Есть люди, зовущие своей упоенной бравурностью к лени и бездействию или, что еще гораздо хуже, к действию, которое постыдней простой лени.
Есть люди-реквиемы, люди-гимны самим себе, люди-фокстроты и люди-частушки. А некоторые до смешного похожи на странное попурри из легкой и серьезной музыки.
Я знал, какая мелодия ты…
В каком бы ресторане мы с тобой ни были, если там был оркестр, ты просила меня заказать песню Сольвейг. Однажды в ресторане на ипподроме я послал скрипачу деньги и записку. Деньги и записку мне передал обратно официант. На обороте записки гордым мальчишеским почерком было написано: «Григом не торгую». Скрипач с насмешливым презрением смотрел, как я читал его ответ. И вдруг он увидел тебя рядом со мной. Что-то сразу изменилось в его лице. Он играл что-то другое — «Жаворонка», «Фрейлехс», но все время смотрел на тебя. Он понял. И, отстранив десятку, всовываемую ему бывшим знаменитым штангистом — кривоногим маленьким человеком с лицом спекулянта фруктами, который требовал «шо-нибудь про нашу Одессу», скрипач заиграл песню Сольвейг.
Через несколько дней мы снова зашли в тот ресторан. Увидев тебя, скрипач все вспомнил, и, когда мы шли по ковровой дорожке, выискивая место, над тобой вновь возникла эта мелодия.
Если у мелодий есть глаза — а они у них есть, — то у этой мелодии такие же глаза, как у тебя… Прекрасны глаза веселые и бесстрашные. Но еще более прекрасны такие, как твои, — бесстрашные и грустные. Наверное, я полюбил тебя тогда, когда впервые увидел их. Но понял я это не тогда, а совсем недавно, когда однажды смотрел на тебя, уходящую в глубину чужого тебе пустынного двора, уходящую с устало опущенной головой в глубину чужой тебе судьбы, которая не стала твоей, как бы ни хотелось этого тебе.

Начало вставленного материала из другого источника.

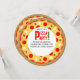 Personalise kids birthday pizza party invitation with your celebration event information. Juicy vector made pizza with crunchy crust, cheese, salami, champignon mushrooms, olives and a sprinkle of oregano.

Я, наверное, любил тебя и раньше, но был слишком самолюбив, чтобы признаться в этом самому себе. Ведь был этот двор, в неизвестную глубину которого ты неизбежно должна была от меня уходить каждый вечер. Ведь когда мы виделись наедине, то об этом никто не должен был знать. Вернее, знали об этом все, и не знал только один человек. А когда знают все и не знает только один, это еще большая ложь…

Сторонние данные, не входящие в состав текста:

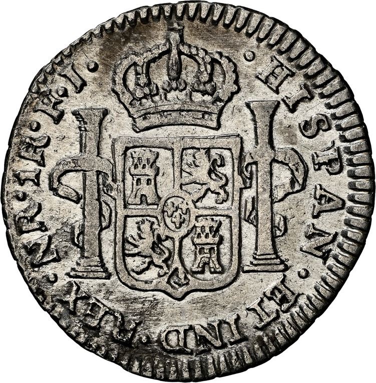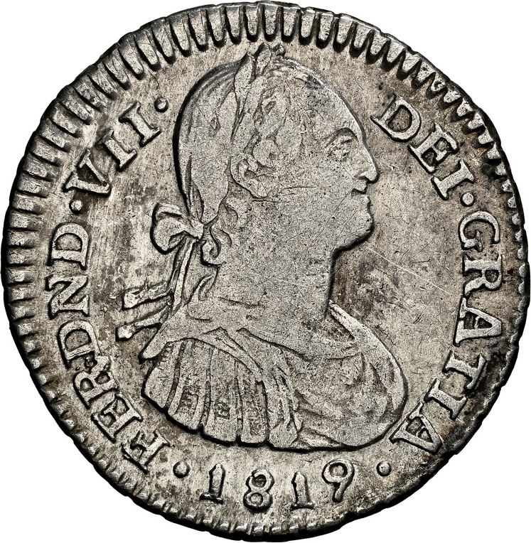 COLOMBIA, Bogotá, bust 1 real, Ferdinand VII (bust of Charles IV), 1819 FJ, NGC XF details / harshly

Поэтому я и притворялся перед собой, что не люблю тебя, притворялся из самозащиты. И ты сама убеждала меня в этом, с грустно растерянной улыбкой называя меня «придумщиком».
И тогда, в тот вечер, ты мне сказала:
— Знаешь, Алешка, тебе этого не надо. Давай сейчас заедем за какой-нибудь твоей девочкой. Отвезите меня домой, а сами идите куда-нибудь танцевать. Тебе ведь так лучше будет… Правда?
Я позвонил, и мы заехали. Мне хотелось казаться независимым — я спасался от зависимости, не понимая еще тогда, что эта зависимость и есть спасение.
В такси впорхнуло двадцатилетнее изумленноглазое существо — тоненькое-тоненькое и упоенное своей хорошенкостью. Но мелодия голоска, бойко знакомящегося и что-то фальшиво лепечущего насчет того, что она не успела одеться, была жалкой рядом с мелодией гордой измученности.
Мы подъехали к твоему дому.
— Вы в этом доме живете? — спросило существо с участием, в котором торжествующе звенело жесткое превосходство молодости.